* _Task objective_: In full and exactly, please return the records, but keep out the pictures.

* _Exercise input_:
>>>

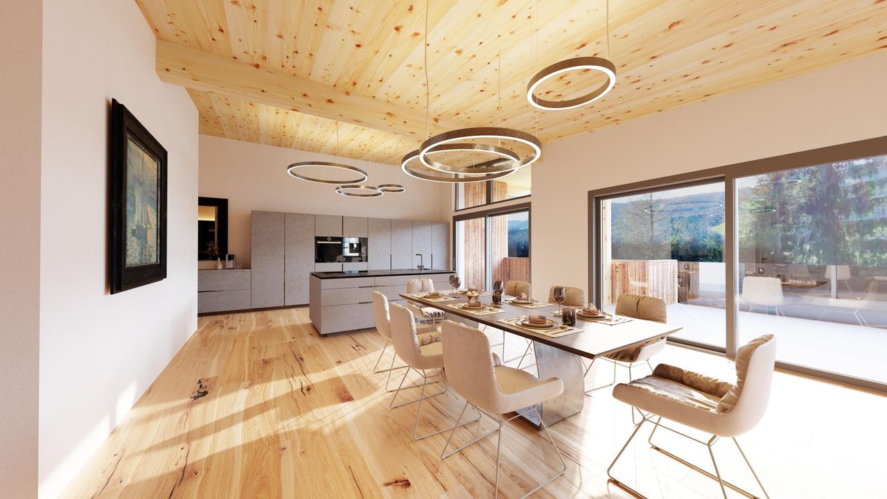 Das Penthouse überzeugt durch seinen alpinen Lifestyle und die einzigartige Aussicht auf die umliegende Bergwelt der Kitzbüheler Alpen.
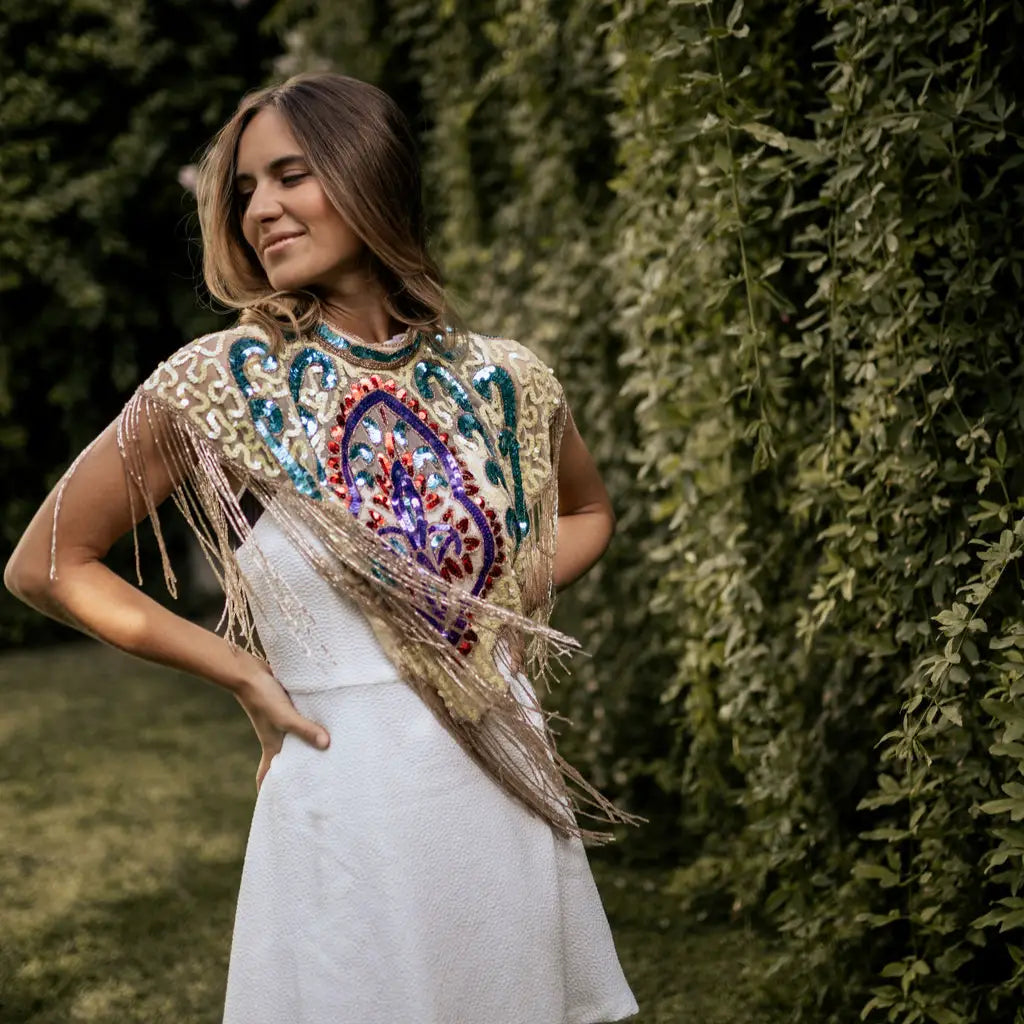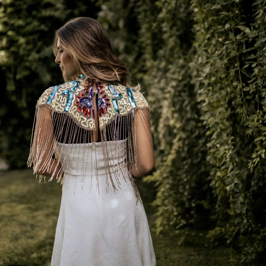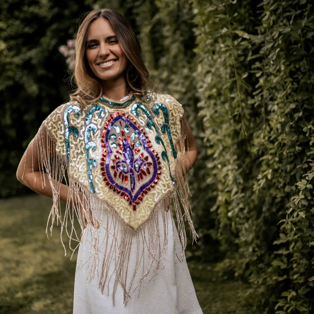 Las lentejuelas y cuentas están dispuestas en líneas curvadas que crean un efecto dinámico y elegante. En la parte posterior, un arabesco se convierte en el protagonista, añadiendo un detalle distintivo y lleno de carácter. Este diseño convierte la capa en una pieza única que atrae todas las miradas.
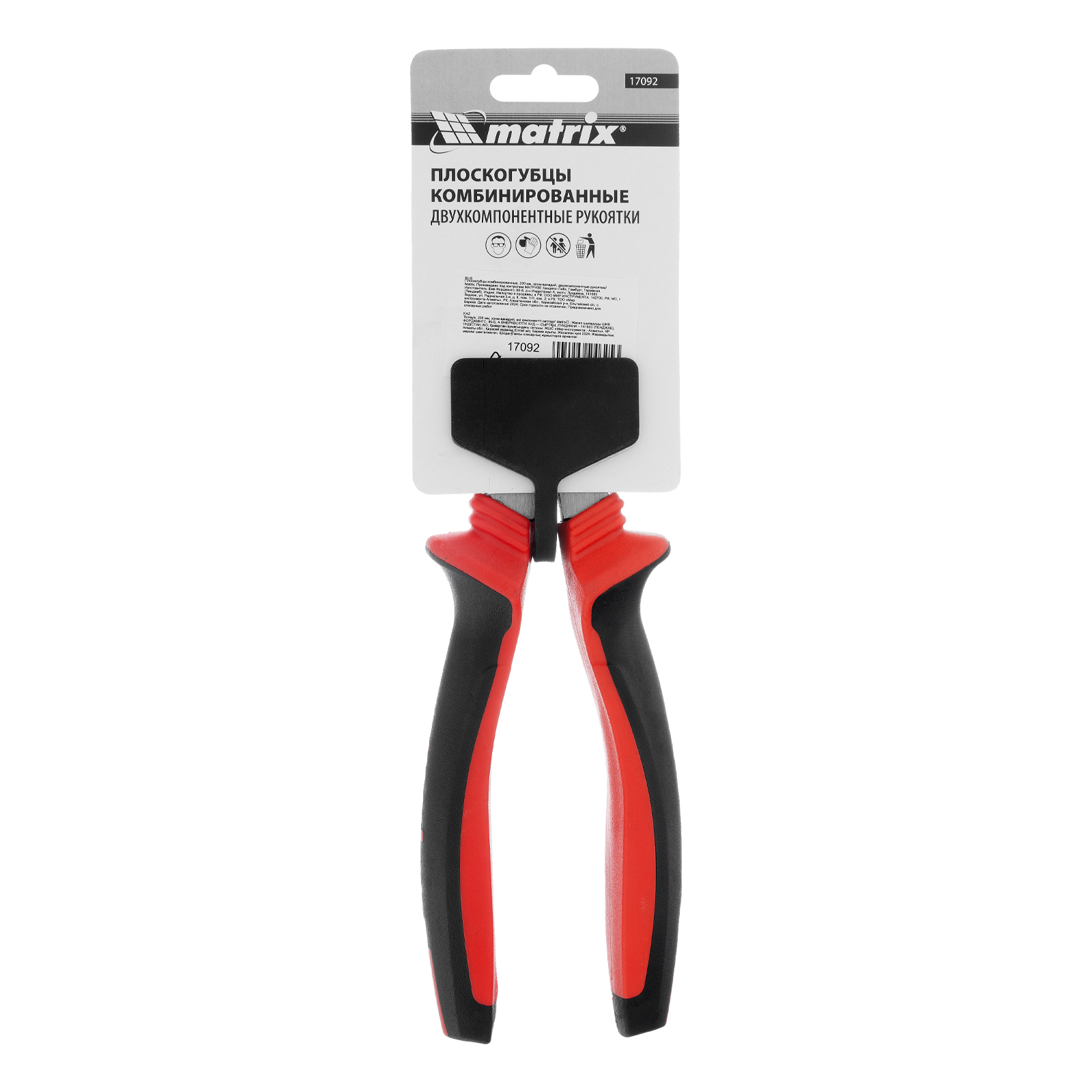 Плоскогубцы комбинированные, 200 мм, хром-ванадий, двухкомпонентные рукоятки Matrix
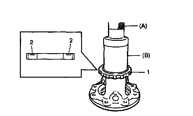 5. Press-fit new sensor rotor (1) with groove (2) side upward as shown by using special tools and copper hammer.
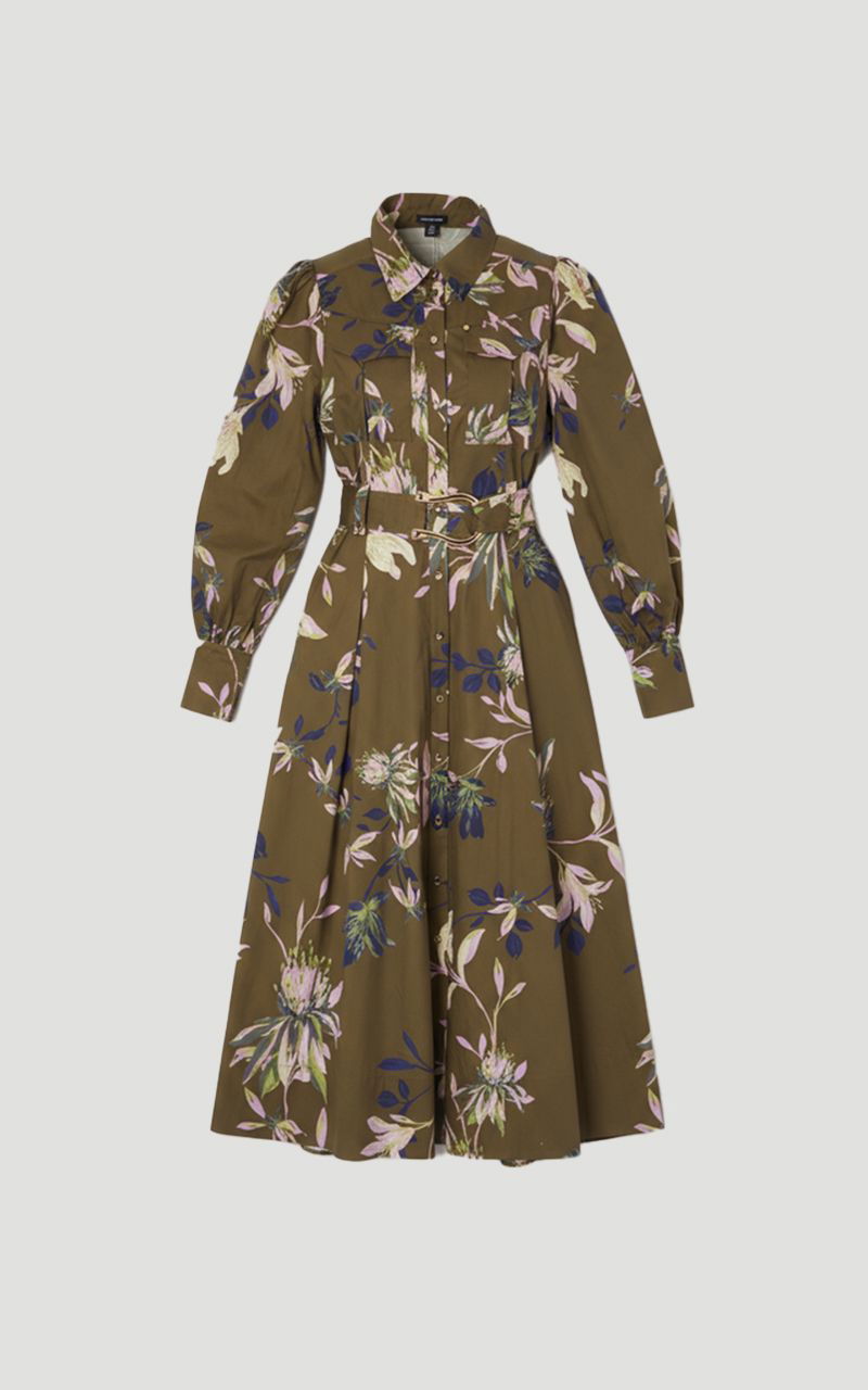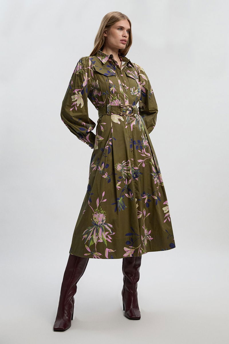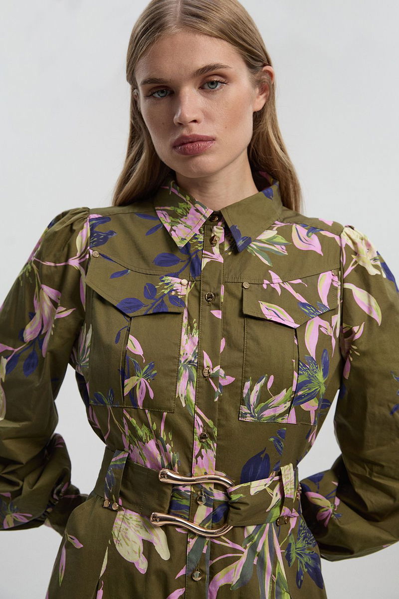 Floral Print Cotton Sateen Woven Midi Shirt Dress

<<<

* _Solution to this problem_:
 Das Penthouse überzeugt durch seinen alpinen Lifestyle und die einzigartige Aussicht auf die umliegende Bergwelt der Kitzbüheler Alpen.
 Las lentejuelas y cuentas están dispuestas en líneas curvadas que crean un efecto dinámico y elegante. En la parte posterior, un arabesco se convierte en el protagonista, añadiendo un detalle distintivo y lleno de carácter. Este diseño convierte la capa en una pieza única que atrae todas las miradas.
 Плоскогубцы комбинированные, 200 мм, хром-ванадий, двухкомпонентные рукоятки Matrix
 5. Press-fit new sensor rotor (1) with groove (2) side upward as shown by using special tools and copper hammer.
 Floral Print Cotton Sateen Woven Midi Shirt Dress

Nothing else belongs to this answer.